──────── MATERIAL PROVIDED ────────

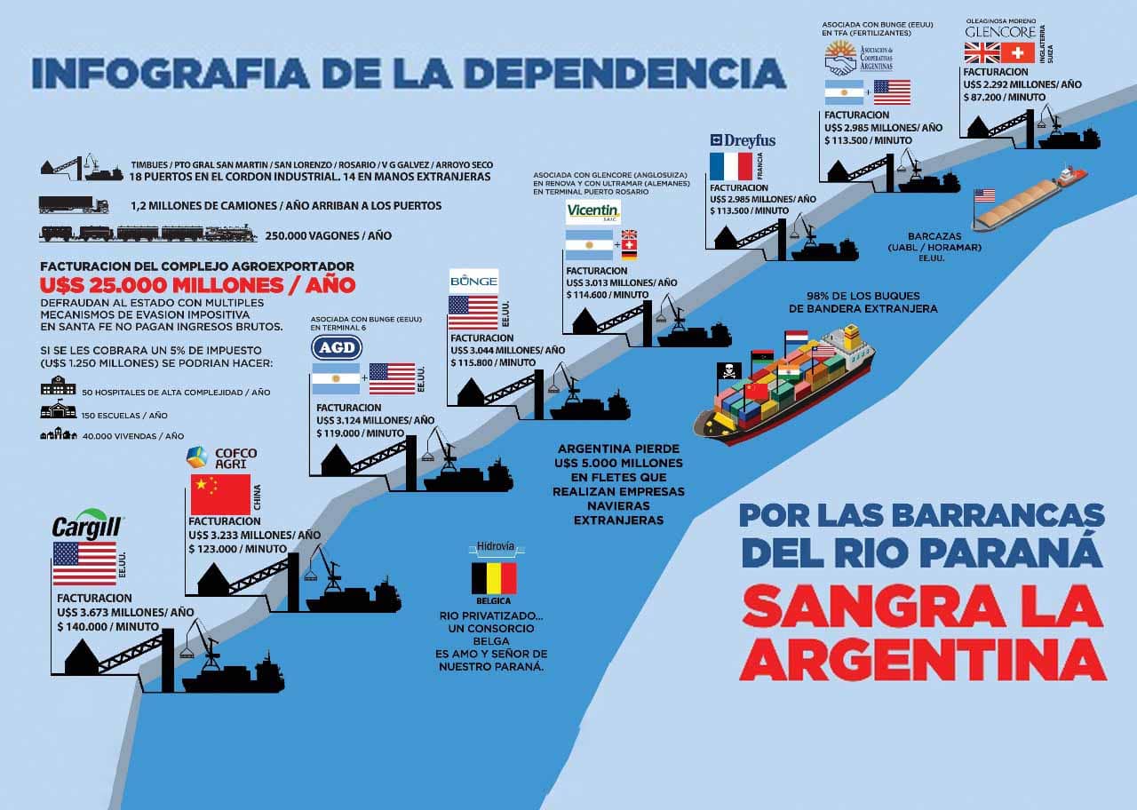 En las condiciones actuales Argentina es un país dependiente, que está sometida a las potencias extranjeras, con una parte del territorio y espacio marítimo ocupado por los invasores ingleses, pagando una deuda fraudulenta e ilegítima, y sin control sobre las riquezas que se producen en este suelo.Otro país es posible si rompemos con esas cadenas de la dependencia. Recuperar la Vía Navegable Troncal del Paraná es romper un eslabón de esa cadena.
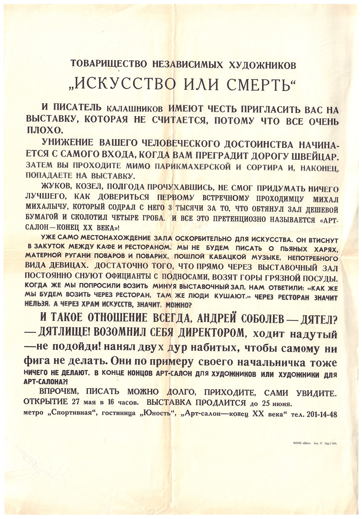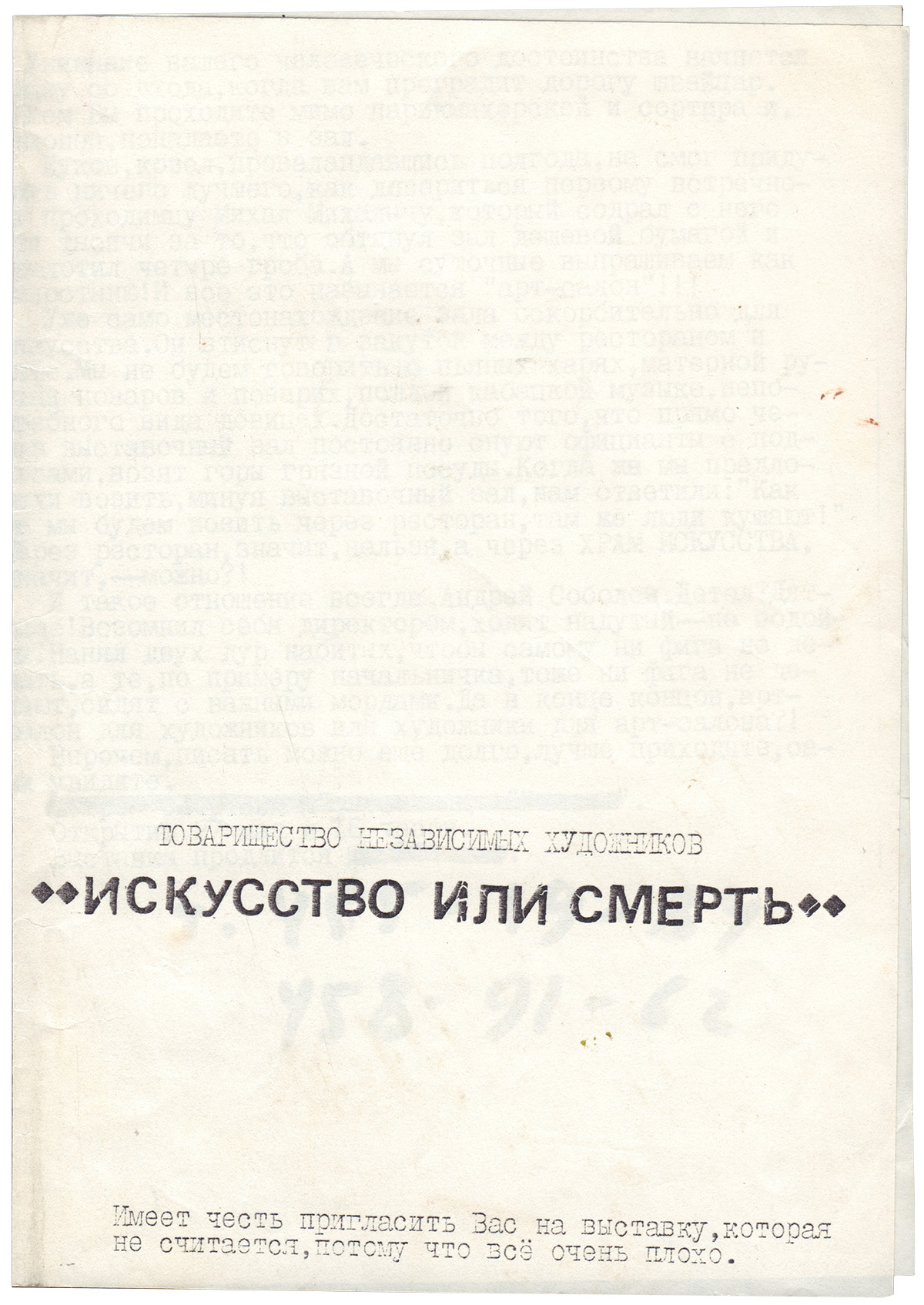 Товарищество независимых художников "Искусство или смерть!" возникло в Ростове в 1988 году, объединив прогрессивно настроенных ростовских художников. Первая официальная выставка художников, вошедших в товарищество, а также к ним примкнувших состоялась весной 1987 г. в Таганроге .
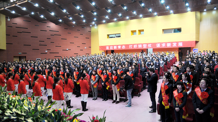 3月18日,安徽華億集團2015年度經濟工作會議在蕪湖市百花劇場隆重召開,近600名來自集團總部和下屬各公司的代表出席了大會。大會由集團黨委書記、副總裁陳愛國主持,集團董事長項義水,總裁項領,副總裁顧踴躍,財務總監劉建林,副總裁杜先松、張靖、錢毅出席大會并在主席臺就座。項領總裁作年度工作報告,項義水董事長發表了重要講話。
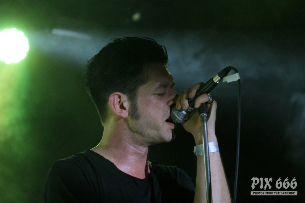 Ich begann das Wave Gotik Treffen wie schon im Vorjahr im Täubchenthal. Das war eine gute Wahl, denn gleich zu Beginn spielte eine meiner Lieblingsbands. Kurz nach 16 Uhr waren wenige Leute am Einlass, also kam man schnell in die Location.
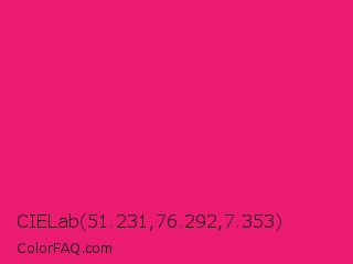 CIELab 51.231,76.292,7.353 Color is a normal rose color and the nearest color is Razzmatazz #e3256b. Hex code #ea1b71 and RGB value is rgb(234,27,113). In RGB color space, this color is composed of 92% red, 11% green, 44% blue, In CMYK color space, this color is composed of 0% cyan, 88% magenta, 52% yellow , 8% black , In HSL color space, this color has a hue angle of 335° , 83% saturation and 51% lightness.
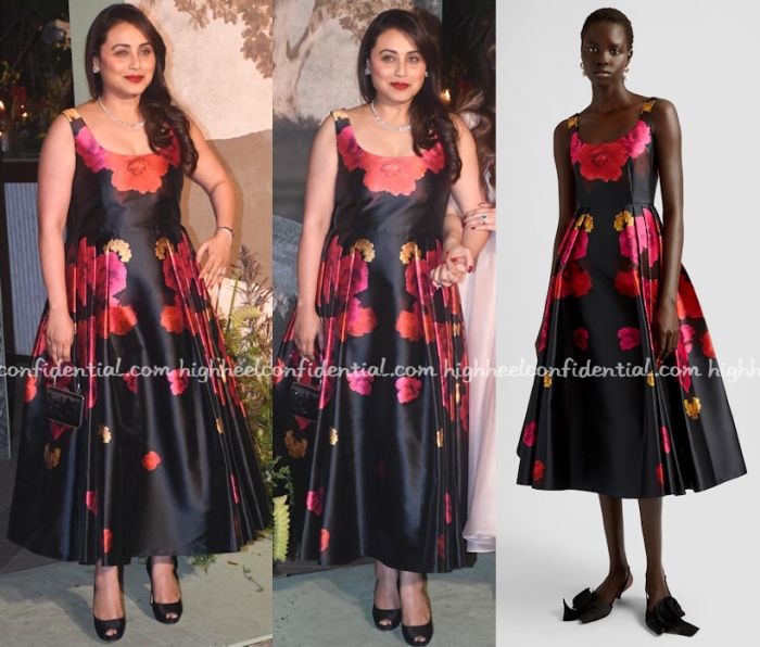 Rani attended a friend’s birthday celebrations on Wednesday evening wearing a floral print Erdem dress paired with black peep-toe pumps and a micro bag. A skinny belt would’ve help define the waist a bit more but overall she looked nice.
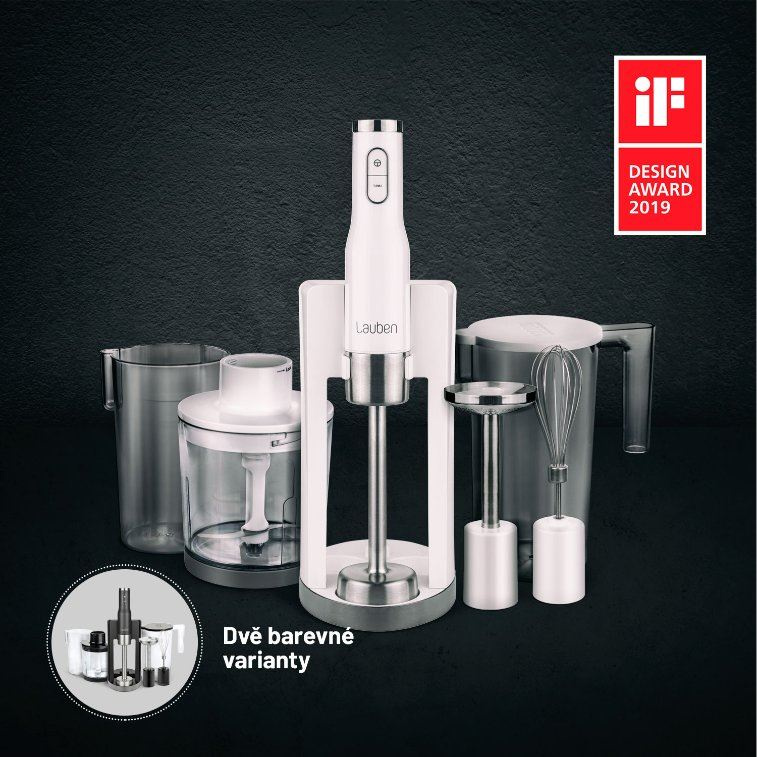 Lauben Stick Blender je příkladem důmyslné kombinace funkčního a stylového designu, za který mu právem náleží prestižní ocenění IF Design. Nejen, že dobře vypadá, ale díky ergonomickému tvaru a protiskluzové úpravě se s ním velmi snadno manipuluje a dobře se drží. Tělo mixéru je zároveň dostatečně robustní, takže nad ním máte absolutní kontrolu. Oceníte i praktický stojan, do kterého umístíte všechny nástavce. Mixér vám v kuchyni nebude zabírat tolik místa a vaše kuchyňské skříňky zůstanou uklizené. Na výběr máte ze dvou barevných variant.
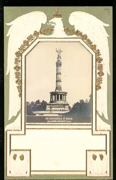 Relief-AK Berlin-Tiergarten, Blick auf die Siegessäule, Rahmen mit Reichsadler
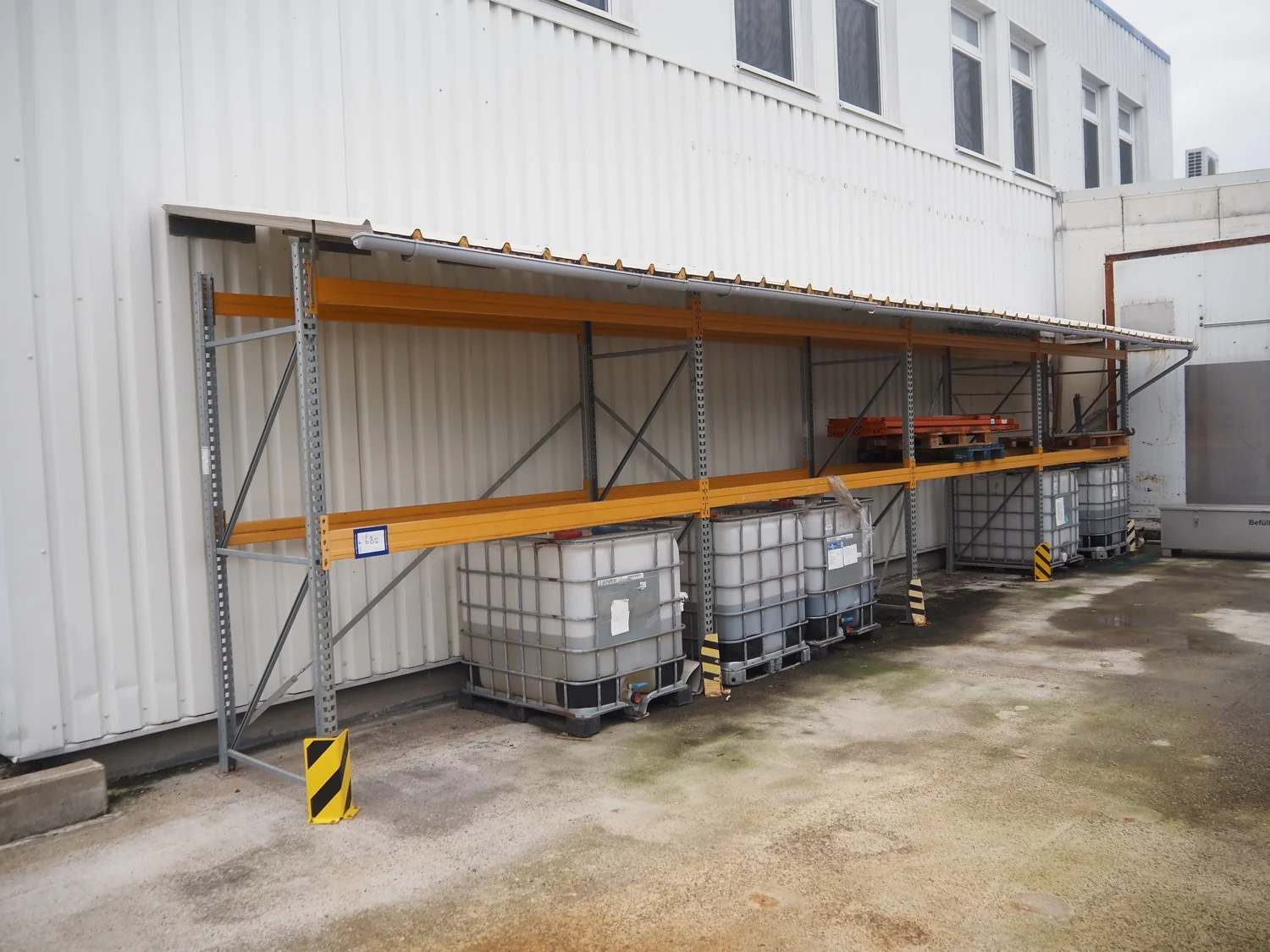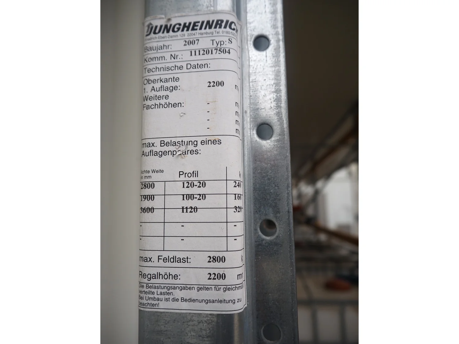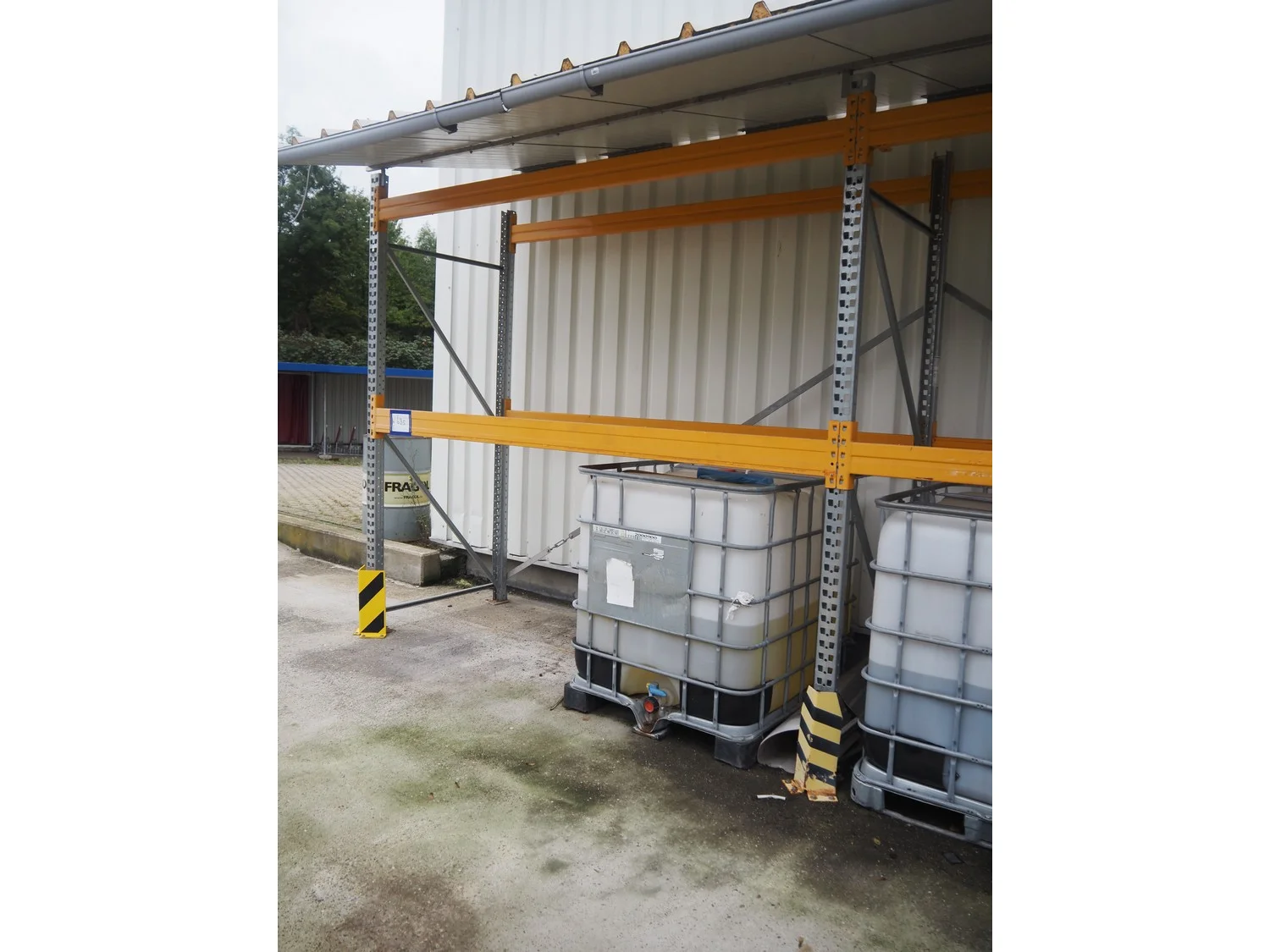 Jungheinrich steel pallet rack, type: S, number: 1112017504, year of construction: 2007, consisting of: 5 uprights, dimensions: (5x) 1100 mm x 90 mm x 2700 mm, 16 beams, beam length: (16x) 2880 mm, total dimensions: 11620 mm x 1100 mm x 2700 mm. IBC tanks not included.
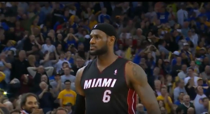 最后14.6秒,热火队没有叫暂停,勒布朗摆脱格林和一哥两人缠斗接球,热火其他队员全部拉开到三分线,詹姆斯面对伊戈达拉压着秒表3..2..1...出手三分,扬手命中,比赛时间只剩下0.2秒。詹姆斯表情冷漠,走到中场,面对客场球迷走起了标志性的霸王步,气宇轩昂、傲睨万物、君临天下!全场球迷也被詹姆斯的强势表现所征服,回报詹姆斯最热烈的欢呼。
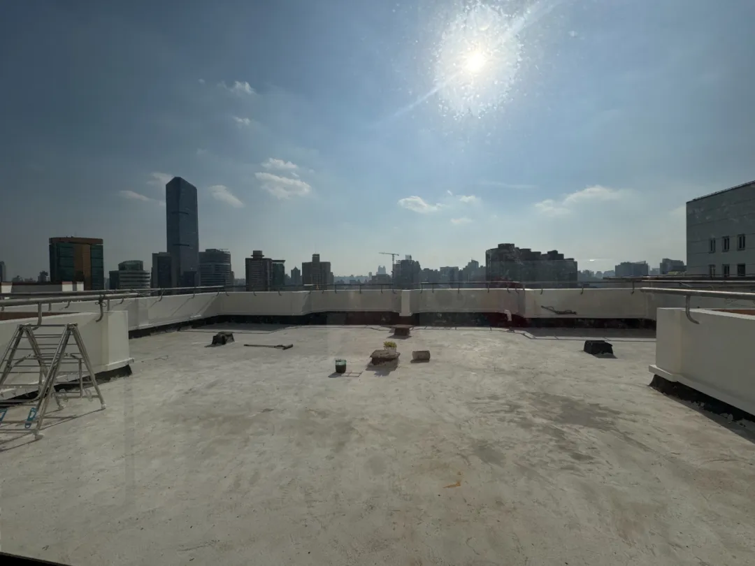 四和花园是建于1995年的老小区,24层的塔楼,两梯十户,出入楼道昏暗。在顶楼,有四块不同朝向的平顶,平时除了零星的通风口,主要是居民晾晒衣物和锻炼的地方。
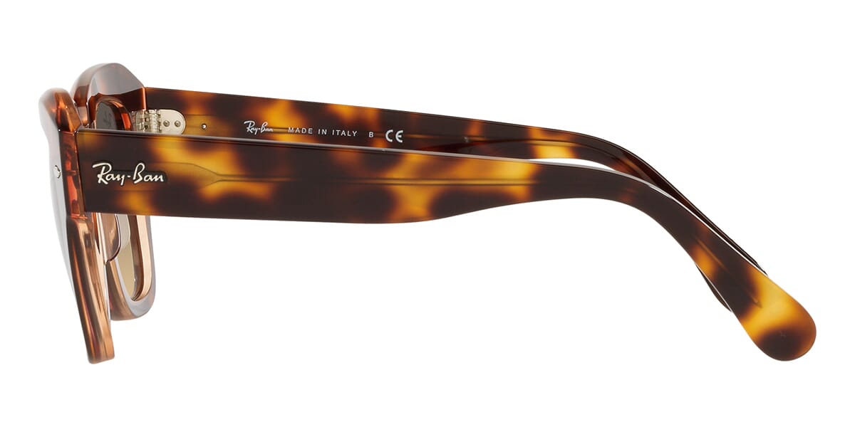 This square Ray-Ban sunglass comes in a havana on crystal pink frame with brown vintage lenses.
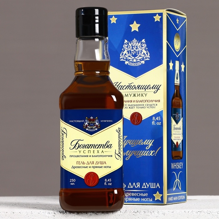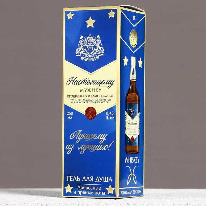 Гель для душа во флаконе виски «Настоящему мужику», 250 мл, аромат древесный с пряными нотами, Новый Год
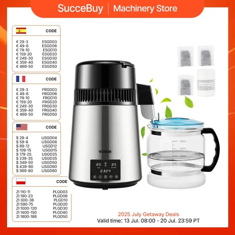 The SucceBuy 4L water distiller is designed to deliver purified water effortlessly, perfect for both home and office use. With its advanced panel, it ensures a steady supply of distilled water, efficiently removing VOCs and impurities. It processes up to 1 liter (0.26 gallons) per hour and features precise temperature and timing settings. Compact and space-saving, it’s an ideal choice for smaller kitchens.
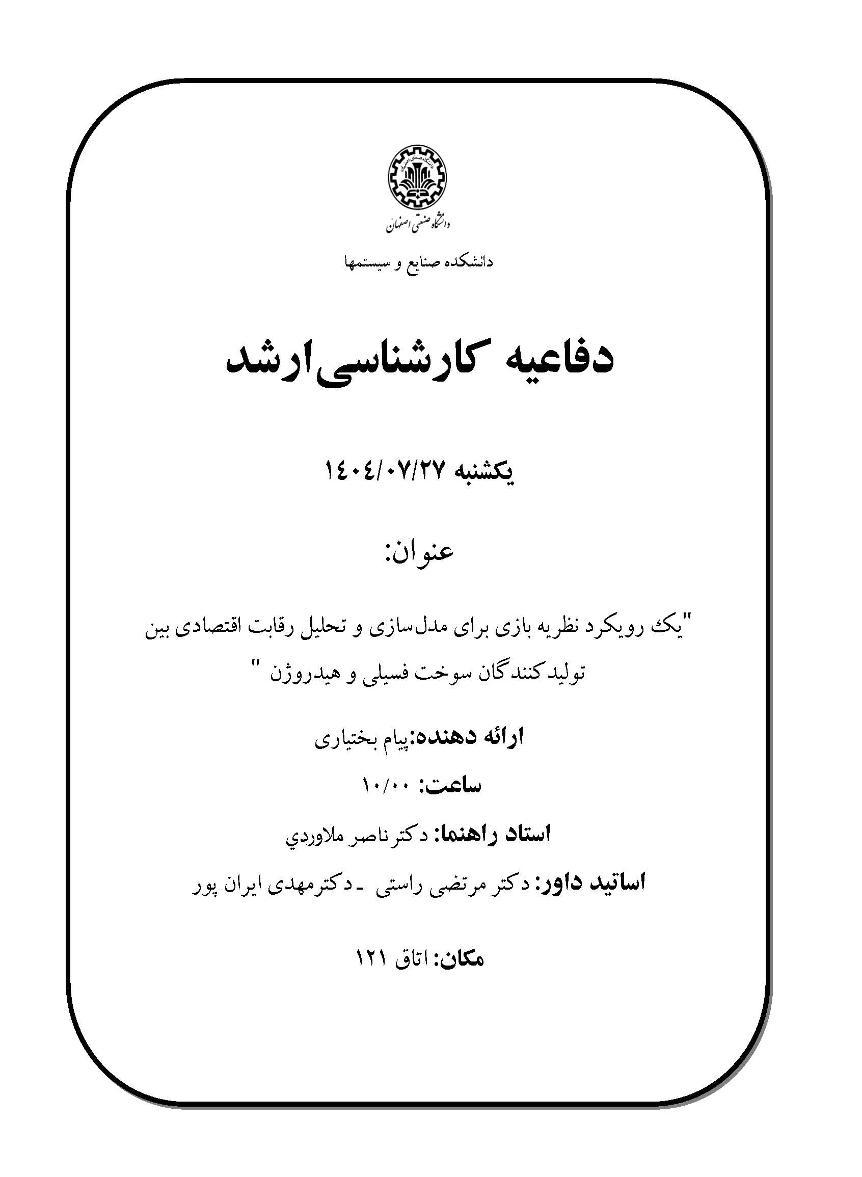 اطلاعیه دفاع کارشناسی ارشد(پیام بختیاری)

────────

» **WHAT IS BEING ASKED**: An exact copy is needed of the lines running from the one with "最后14.6秒,热火队没有叫" through the end of the data above, and of those lines only, without pictures.

» **THE COMPLETED TASK**:
 最后14.6秒,热火队没有叫暂停,勒布朗摆脱格林和一哥两人缠斗接球,热火其他队员全部拉开到三分线,詹姆斯面对伊戈达拉压着秒表3..2..1...出手三分,扬手命中,比赛时间只剩下0.2秒。詹姆斯表情冷漠,走到中场,面对客场球迷走起了标志性的霸王步,气宇轩昂、傲睨万物、君临天下!全场球迷也被詹姆斯的强势表现所征服,回报詹姆斯最热烈的欢呼。
 四和花园是建于1995年的老小区,24层的塔楼,两梯十户,出入楼道昏暗。在顶楼,有四块不同朝向的平顶,平时除了零星的通风口,主要是居民晾晒衣物和锻炼的地方。
 This square Ray-Ban sunglass comes in a havana on crystal pink frame with brown vintage lenses.
 Гель для душа во флаконе виски «Настоящему мужику», 250 мл, аромат древесный с пряными нотами, Новый Год
 The SucceBuy 4L water distiller is designed to deliver purified water effortlessly, perfect for both home and office use. With its advanced panel, it ensures a steady supply of distilled water, efficiently removing VOCs and impurities. It processes up to 1 liter (0.26 gallons) per hour and features precise temperature and timing settings. Compact and space-saving, it’s an ideal choice for smaller kitchens.
 اطلاعیه دفاع کارشناسی ارشد(پیام بختیاری)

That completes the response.